Each line below from the one containing "古璽文で扁額風に刻した、「侠心在仁義間」(侠心は仁" through the one containing "Chips and their" is to be given again exactly, and no line outside that span.

==*==

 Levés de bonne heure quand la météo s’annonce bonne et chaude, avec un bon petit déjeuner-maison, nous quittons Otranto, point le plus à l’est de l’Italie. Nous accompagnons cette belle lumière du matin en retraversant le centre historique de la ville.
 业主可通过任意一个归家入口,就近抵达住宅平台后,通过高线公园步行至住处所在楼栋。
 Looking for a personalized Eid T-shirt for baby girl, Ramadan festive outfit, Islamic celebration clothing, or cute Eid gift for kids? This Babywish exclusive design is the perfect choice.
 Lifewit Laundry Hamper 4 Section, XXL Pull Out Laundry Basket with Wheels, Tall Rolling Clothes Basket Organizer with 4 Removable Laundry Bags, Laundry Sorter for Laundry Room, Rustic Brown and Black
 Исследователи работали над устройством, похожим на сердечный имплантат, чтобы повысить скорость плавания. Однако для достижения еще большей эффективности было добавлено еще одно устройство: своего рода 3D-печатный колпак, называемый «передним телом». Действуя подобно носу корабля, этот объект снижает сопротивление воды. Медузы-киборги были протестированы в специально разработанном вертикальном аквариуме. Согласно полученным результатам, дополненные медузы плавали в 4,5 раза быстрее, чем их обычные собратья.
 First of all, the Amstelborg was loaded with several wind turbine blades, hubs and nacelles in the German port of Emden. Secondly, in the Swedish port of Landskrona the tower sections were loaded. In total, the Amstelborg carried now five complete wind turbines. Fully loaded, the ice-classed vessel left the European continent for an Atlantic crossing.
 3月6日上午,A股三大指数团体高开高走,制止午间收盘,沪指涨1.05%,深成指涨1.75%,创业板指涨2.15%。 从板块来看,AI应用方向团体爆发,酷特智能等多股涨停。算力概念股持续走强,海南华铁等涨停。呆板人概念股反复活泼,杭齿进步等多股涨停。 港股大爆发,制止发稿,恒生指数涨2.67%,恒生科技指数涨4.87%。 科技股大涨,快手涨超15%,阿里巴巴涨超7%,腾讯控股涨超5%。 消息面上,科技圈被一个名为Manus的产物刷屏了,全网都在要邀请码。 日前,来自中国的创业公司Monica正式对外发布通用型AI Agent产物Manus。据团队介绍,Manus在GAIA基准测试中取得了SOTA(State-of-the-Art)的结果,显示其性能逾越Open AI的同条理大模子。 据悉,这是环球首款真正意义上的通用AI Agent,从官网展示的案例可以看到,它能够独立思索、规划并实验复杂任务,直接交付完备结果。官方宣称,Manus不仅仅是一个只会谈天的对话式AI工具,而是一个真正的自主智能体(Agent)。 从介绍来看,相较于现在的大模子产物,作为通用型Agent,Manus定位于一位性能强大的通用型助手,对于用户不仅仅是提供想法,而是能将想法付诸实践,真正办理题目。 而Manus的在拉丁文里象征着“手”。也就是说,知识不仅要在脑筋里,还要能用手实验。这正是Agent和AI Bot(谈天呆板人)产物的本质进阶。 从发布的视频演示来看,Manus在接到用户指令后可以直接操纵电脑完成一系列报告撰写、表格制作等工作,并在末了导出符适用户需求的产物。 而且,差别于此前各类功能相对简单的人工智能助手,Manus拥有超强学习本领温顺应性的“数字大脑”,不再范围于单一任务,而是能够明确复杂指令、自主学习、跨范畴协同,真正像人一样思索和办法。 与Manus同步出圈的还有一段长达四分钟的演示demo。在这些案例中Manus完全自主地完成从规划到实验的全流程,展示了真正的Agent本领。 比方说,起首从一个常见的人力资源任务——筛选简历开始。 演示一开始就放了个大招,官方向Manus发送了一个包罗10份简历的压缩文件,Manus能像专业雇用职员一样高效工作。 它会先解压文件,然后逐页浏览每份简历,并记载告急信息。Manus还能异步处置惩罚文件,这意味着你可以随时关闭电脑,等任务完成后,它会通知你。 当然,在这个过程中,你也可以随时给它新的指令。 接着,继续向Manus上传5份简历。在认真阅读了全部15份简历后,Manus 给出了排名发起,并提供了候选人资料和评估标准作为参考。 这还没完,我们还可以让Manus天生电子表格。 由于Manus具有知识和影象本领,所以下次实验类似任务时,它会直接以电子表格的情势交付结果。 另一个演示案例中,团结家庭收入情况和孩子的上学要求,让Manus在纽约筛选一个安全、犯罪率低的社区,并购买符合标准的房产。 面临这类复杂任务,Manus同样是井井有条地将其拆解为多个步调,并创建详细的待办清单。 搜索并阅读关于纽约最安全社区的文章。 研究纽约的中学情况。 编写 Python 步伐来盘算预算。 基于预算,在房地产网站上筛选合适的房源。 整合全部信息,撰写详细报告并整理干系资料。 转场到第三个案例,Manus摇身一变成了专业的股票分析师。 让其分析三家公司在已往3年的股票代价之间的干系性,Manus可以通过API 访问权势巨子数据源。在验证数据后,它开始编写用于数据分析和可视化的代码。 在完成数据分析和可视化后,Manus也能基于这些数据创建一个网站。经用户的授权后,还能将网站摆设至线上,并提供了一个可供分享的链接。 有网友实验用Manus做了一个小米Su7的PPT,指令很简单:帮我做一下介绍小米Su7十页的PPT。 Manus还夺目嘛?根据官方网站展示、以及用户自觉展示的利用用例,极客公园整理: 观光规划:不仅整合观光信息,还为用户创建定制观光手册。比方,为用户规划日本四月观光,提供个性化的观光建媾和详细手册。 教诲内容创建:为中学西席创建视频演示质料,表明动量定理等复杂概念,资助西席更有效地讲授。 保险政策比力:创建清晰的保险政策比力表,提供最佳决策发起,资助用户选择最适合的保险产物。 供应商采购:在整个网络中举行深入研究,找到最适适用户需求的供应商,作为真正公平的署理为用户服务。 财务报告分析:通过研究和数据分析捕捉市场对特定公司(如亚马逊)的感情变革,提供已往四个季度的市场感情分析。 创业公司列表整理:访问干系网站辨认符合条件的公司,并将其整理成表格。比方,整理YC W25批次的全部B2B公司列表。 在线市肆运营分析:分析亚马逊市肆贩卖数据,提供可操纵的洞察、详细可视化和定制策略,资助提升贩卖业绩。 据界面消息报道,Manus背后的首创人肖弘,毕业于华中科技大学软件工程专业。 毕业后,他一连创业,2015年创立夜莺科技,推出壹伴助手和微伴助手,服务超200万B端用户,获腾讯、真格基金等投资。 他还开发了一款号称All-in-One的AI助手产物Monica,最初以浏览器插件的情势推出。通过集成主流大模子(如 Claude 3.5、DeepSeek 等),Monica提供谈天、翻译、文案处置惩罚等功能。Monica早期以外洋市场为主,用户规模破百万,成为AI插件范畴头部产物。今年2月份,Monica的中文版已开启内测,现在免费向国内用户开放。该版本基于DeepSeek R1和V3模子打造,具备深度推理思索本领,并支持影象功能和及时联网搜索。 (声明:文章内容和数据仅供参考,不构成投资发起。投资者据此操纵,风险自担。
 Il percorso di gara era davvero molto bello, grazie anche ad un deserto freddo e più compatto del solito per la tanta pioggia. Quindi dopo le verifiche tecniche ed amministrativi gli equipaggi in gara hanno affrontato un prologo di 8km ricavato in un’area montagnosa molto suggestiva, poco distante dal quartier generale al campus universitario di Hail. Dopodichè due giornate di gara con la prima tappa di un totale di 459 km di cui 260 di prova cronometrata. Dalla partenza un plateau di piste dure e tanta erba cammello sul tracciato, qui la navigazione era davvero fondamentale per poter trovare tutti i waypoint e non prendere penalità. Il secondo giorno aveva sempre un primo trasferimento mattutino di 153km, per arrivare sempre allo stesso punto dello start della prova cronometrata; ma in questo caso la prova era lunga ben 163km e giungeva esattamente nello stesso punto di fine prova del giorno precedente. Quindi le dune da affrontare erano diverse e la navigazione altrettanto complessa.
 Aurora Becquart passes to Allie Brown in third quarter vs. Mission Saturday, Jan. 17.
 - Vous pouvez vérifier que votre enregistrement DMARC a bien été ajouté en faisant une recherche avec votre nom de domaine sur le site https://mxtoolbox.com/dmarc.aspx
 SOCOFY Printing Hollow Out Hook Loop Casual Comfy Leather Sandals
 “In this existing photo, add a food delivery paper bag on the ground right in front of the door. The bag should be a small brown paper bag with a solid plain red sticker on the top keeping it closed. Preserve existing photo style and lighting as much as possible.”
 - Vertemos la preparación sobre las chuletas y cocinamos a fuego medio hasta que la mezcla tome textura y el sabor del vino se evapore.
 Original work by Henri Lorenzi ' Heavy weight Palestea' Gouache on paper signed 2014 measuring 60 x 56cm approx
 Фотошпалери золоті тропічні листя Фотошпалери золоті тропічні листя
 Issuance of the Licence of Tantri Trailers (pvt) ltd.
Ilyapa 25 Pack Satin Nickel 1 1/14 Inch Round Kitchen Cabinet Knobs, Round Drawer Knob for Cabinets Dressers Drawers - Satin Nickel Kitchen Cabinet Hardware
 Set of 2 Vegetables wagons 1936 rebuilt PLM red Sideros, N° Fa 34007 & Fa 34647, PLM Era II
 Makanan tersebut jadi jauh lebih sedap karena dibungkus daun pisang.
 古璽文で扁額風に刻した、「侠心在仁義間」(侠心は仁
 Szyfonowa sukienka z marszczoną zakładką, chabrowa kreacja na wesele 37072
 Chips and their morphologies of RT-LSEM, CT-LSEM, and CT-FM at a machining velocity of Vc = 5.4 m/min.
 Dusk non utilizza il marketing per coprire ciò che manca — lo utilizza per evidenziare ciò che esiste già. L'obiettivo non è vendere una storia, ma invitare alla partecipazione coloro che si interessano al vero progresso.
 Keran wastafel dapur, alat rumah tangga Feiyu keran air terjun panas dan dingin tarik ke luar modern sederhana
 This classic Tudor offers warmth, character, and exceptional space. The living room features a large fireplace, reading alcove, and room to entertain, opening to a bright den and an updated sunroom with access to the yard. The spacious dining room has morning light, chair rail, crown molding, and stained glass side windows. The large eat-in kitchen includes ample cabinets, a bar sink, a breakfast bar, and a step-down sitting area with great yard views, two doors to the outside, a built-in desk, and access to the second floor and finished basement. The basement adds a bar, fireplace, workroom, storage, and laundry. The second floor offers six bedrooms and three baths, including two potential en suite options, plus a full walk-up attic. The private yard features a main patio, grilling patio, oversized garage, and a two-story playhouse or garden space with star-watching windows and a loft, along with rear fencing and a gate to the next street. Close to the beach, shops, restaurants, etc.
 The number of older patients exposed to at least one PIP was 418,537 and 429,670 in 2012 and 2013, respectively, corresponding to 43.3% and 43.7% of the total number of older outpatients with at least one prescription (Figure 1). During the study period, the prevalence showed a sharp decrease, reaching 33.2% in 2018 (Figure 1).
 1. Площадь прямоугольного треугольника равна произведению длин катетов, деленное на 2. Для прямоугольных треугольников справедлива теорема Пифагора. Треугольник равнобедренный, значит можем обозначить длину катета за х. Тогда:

==*==

§ **Answer box**:
 古璽文で扁額風に刻した、「侠心在仁義間」(侠心は仁
 Szyfonowa sukienka z marszczoną zakładką, chabrowa kreacja na wesele 37072
 Chips and their morphologies of RT-LSEM, CT-LSEM, and CT-FM at a machining velocity of Vc = 5.4 m/min.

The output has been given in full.